There’s really just two problems at the heart of complaints with traditional recursive make: first, there’s no way to ensure correctness of a parallel recursive make based build without overserializing the submakes, because there’s no way to articulate dependencies between individual targets in different submakes. That means you can’t have a dependency graph that is both correct and precise. Instead you either leave out the critical dependency entirely, which makes parallel (ie, fast) builds unreliable; or you serialize submakes in their entirety, which shackles build performance because no part of a submake with even a single dependency on some portion of an earlier submake can begin until the entire ealier submake completes. Second, even if there were a way to specify precise dependencies between targets in different submakes, most versions of make have implemented recursive make such that the parent make is blocked from proceeding until the submake has completed. Consider a typical use of recursive make with implicit serializations between submakes:

1
2
3
4
all:
@for dir in util client server ; do \
$(MAKE) -C $$dir; \
done

Each submake compiles a bunch of source files, then links them together into a library (util) or an executable (client and server). The only actual dependency between the work in the three make instances is that the client and server programs need the util library. Everything else is parallelizable, but with traditional recursive make, gmake is unable to exploit that parallelism: all of the work in the util submake must finish before any part of the client submake begins!
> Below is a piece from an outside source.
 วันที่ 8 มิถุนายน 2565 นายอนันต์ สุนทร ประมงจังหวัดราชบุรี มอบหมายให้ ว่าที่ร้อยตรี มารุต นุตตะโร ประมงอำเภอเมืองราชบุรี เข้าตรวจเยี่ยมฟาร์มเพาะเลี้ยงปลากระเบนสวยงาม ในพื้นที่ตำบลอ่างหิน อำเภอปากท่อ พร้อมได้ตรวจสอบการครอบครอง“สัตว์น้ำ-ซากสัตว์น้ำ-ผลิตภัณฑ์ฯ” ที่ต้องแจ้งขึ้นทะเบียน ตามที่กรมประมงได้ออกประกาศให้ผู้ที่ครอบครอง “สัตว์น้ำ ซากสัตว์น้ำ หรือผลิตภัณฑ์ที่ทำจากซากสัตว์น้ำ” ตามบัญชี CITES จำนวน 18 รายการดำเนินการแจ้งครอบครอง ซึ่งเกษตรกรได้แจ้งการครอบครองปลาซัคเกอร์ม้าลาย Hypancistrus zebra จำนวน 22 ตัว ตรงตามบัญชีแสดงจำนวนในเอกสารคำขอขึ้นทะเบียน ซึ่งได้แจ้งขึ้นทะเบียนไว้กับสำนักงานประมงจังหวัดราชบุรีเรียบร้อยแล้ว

Conflict detection and non-blocking recursive make

If you’re familiar with Electric Make, you already know how it solves the first half of the recursive make problem: conflict detection and correction. I’ve written about conflict detection before, but here’s a quick recap: using the explicit dependencies given in the makefiles and information about the files accessed as each target is built, emake is able to dynamically determine when targets have been built too early due to missing explicit dependencies, and rerun those targets to generate the correct output. Electric Make can ensure the correctness of parallel builds even in the face of incomplete dependencies, even if the missing dependencies are between targets in different submakes. That means you need not serialize entire submakes to ensure the build will run correctly in parallel.

Like an acrobat’s safety net, conflict detection allows us to consider solutions to the other half of the problem that would otherwise be considered risky, if not outright madness. In fact, our solution would not be possible without conflict detection: non-blocking recursive make. This is analogous to the difference between blocking and non-blocking I/O: rather than waiting for a recursive make to finish, emake carries on executing subsequent commands in the build immediately, including other recursive makes. Conflict detection ensures that only the commands in each submake which require serialization are executed sequentially, so the build runs as quickly as possible, but the final build output is identical to a serial build.
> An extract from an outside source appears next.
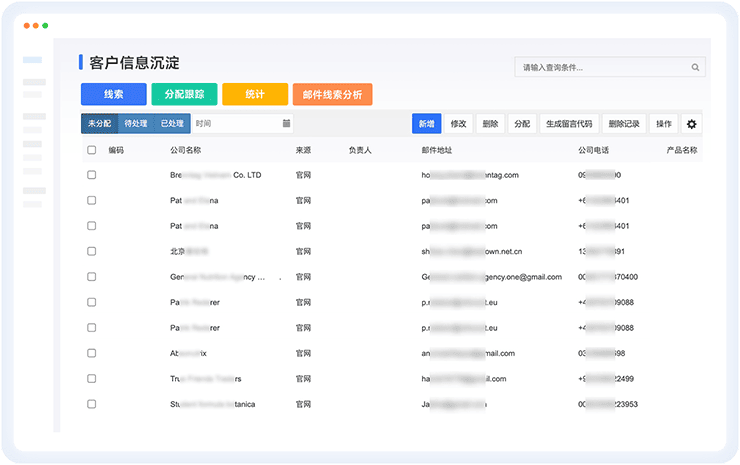 沉淀客户跟进信息、邮件信息;一键实现客户背调;管理繁多的产品品类,并与客户进行关 联;导出客户基本信息、邮件及联系人信息等

The impact of this change is dramatic. Here I’ve plotted the execution of the simple build defined above on four cores, using both gmake (normal recursive make) and emake (non-blocking recursive make):

Recursive make build with gmake


Recursive make build with emake

Electric Make is able to execute this build about 20% faster than gmake, with no changes to the Makefiles or the execution environment. emake is literally able to squeeze more parallelism out of recursive-make-based builds than gmake. In fact, we can precisely quantify just how much more parallelism emake gets through an application of Amdahl’s law. First, we compute the best possible speedup for the build — that’s just the serial runtime divided by the best possible parallel runtime, which we can figure out through analysis of the depedency graph and runtime of individual jobs in the build (the Longest Serial Chain report in ElectricInsight can do this for you). Then we can compute the parallelizable portion P of the build by plugging the speedup S into this equation: P = 1 – (1 / S). Here’s how that works out for gmake and emake:

gmake emake
Serial baseline 65s 65s
Best build time 13.5s 7.5s
Best speedup 4.8x 8.7x
Parallel portion 79% 89%

On this build, non-blocking recursive make increases the parallel portion of the build by 10%. That may not seem like much, but Amdahl’s law shows how dramatically that difference affects the speedup you can expect as you apply more cores:

Implementation

On the backend, non-blocking recursive make is handled by conflict detection — the jobs from the recursive make are checked for conflicts in the serial order defined by the makefile structure. Any issues caused by aggressively running recursive makes early are detected during the conflict check, and the target that ran too early is rerun to generate the correct result.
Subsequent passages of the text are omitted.